The bread was crusty and delicious but I declined further servings to save room in my stomach. Bread is always so devilishly filling.

If you have previously visited Embrasse, you may see some familiar dishes such as our first course. One of my girlfriends ordered the following dish as her main when we dined at Embrasse and for a plate consisting of just vegetables, I was astounded. Just like that dish, this was fresh, light and flavoursome with many textures and consistencies. It was fun playing around with the elements and experimenting with the different flavours.

Nic’s souvenier of ‘bras’ – Meli of vegetables with sprouts, flowers and emulsions

Our five course meal had an option to upgrade to a Crayfish supplement for an extra $10 so we thought why not! That day they had Western Australia Marron served two different ways over our second and third courses. The first of these courses was a Marron bisque. The Marron claw was sweet and succulent while the bisque encaptured, perfectly, the essence of Marron and the vegetables were firm and complementary to the flavours.

Marron bisque with the claw, squash, zucchini and carrot topped with salmon caviar

The third course featured the Marron tail and it was presented so prettily. The salmon caviar gave bursts of saltiness to the sweet Marron tail with a soft and creamy snow going well together with the sweet and tangy pickled grape jelly. The potato was firm yet gave way easily under our knives and I felt every element on the plate had a well thought out purpose – a fantastic dish.

Marron tail, cauliflower, potatoes, pickled grapes, bay leaf

To finish off our savoury courses, we were presented with a beef course that was described as a cross between Wagyu and Angus cattle. Sounded promising already! The beef was incredibly tender and flavoursome especially with the mimolette cheese sauce. I can hardly remember the last time I enjoyed a beef dish as much as this one. I was so mesmerised/busy taking photos that I didn’t pay attention to what the waiter was saying, oops! But it was seriously delectable and tender.

Rump F1 beef, mimolette, burnt veg, hay, ginger
Our waiter offered a side of Embrasse’s famous ‘Aligot’ – a combination of melted cheese and potato. Sounds simple enough but it was so rich and creamy that it can be a visual display of spun cheesy mashed potato. A very decadent and carb-laden side that seemed to consist of more cheese than potato and oh so satisfying with the beef.
Beef course served with a side of aligot (Aligot $16)

We were enticed by our waiter to add in a cheese course but Mr A did agree all too quickly at the same time. Cheese and crackers done the Brooks way was intriguing. Presented on a mound of realistic looking grass and dirt (synthetic grass, we asked after playing around with it), pillows of rye bread were filled with a goats curd mousse.

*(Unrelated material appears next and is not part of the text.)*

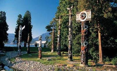 在斯坦利公園北端,是橫跨海灣的獅門大橋的一端。獅門大橋與舊金山的金門大橋并稱,橋身兩側以弧形鋼索懸吊,長約1660多米的大橋可容3條車道,是連接溫哥華市與西溫哥華和北溫哥華的交通要道。在公園東部,有幾根形狀不一的印第安木刻圖騰柱,它們不僅是印第安人文化藝術的體現,也為公園增添了一處歷史景觀。
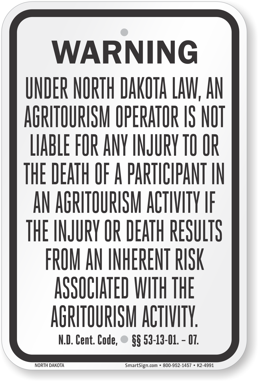 North Dakota Agritourism Liability Sign: Warning - Under North Dakota Law, An Agritourism Operator Is Not Liable For Any Injury To Or The Death Of A Participant In An Agritourism Activity. N.D. Cent.... K2-4991 Learn More...

Cheese and crackers – ‘the Brooks way’ ($18)

Biting through the crisp rye pillows, it gave way to the light goats curd which was big on flavour, although sadly, I was getting slightly too full from the savoury courses to eat more than two.

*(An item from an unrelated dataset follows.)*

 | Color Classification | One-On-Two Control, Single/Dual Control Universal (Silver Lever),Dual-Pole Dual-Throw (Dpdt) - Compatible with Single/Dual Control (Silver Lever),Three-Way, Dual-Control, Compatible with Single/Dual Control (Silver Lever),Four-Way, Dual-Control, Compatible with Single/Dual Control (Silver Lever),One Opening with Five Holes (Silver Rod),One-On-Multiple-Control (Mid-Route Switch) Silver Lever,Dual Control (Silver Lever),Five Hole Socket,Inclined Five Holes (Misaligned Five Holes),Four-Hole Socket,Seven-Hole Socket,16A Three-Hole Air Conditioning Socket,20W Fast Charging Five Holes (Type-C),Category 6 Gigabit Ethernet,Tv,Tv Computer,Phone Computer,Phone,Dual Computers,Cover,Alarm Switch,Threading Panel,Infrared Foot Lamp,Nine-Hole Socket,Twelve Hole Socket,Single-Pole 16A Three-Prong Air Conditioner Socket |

Close-up view of the cheese and crackers

To finish off our degustation, another memorable dish from Embrasse’s repertoire was the chocolate forest. Made to replicate a forest on a plate, the hazelnut ‘mushroom cap’ was incredibly creamy with the crisp, sweet meringue and the chocolate pieces were fudge-like with crumbly pieces of chocolate and the sorrel mint granita refreshed the palate. I would have preferred a touch more sorrel mint granita but it didn’t detract from the dessert. A really lovely dessert to finish our meal off with.

‘Forest floor’, hazelnut parfait with sorrel mint granita

Can’t help but love an open kitchen where you can watch all the action.

We thoroughly enjoyed our meal at Brooks and I thought the food we were served was sensational. Definitely a great date spot as it was cosy and comfortable and the service was extremely friendly and hospitable. I can’t wait to come back and try out the other dishes I missed out on – in particular, the chicken parfait, foie gras and roasted chicken have been given high praise. I’ll also make sure I come earlier so I can indulge in some drinks at the bar beforehand, for the purposes of whetting my appetite, of course.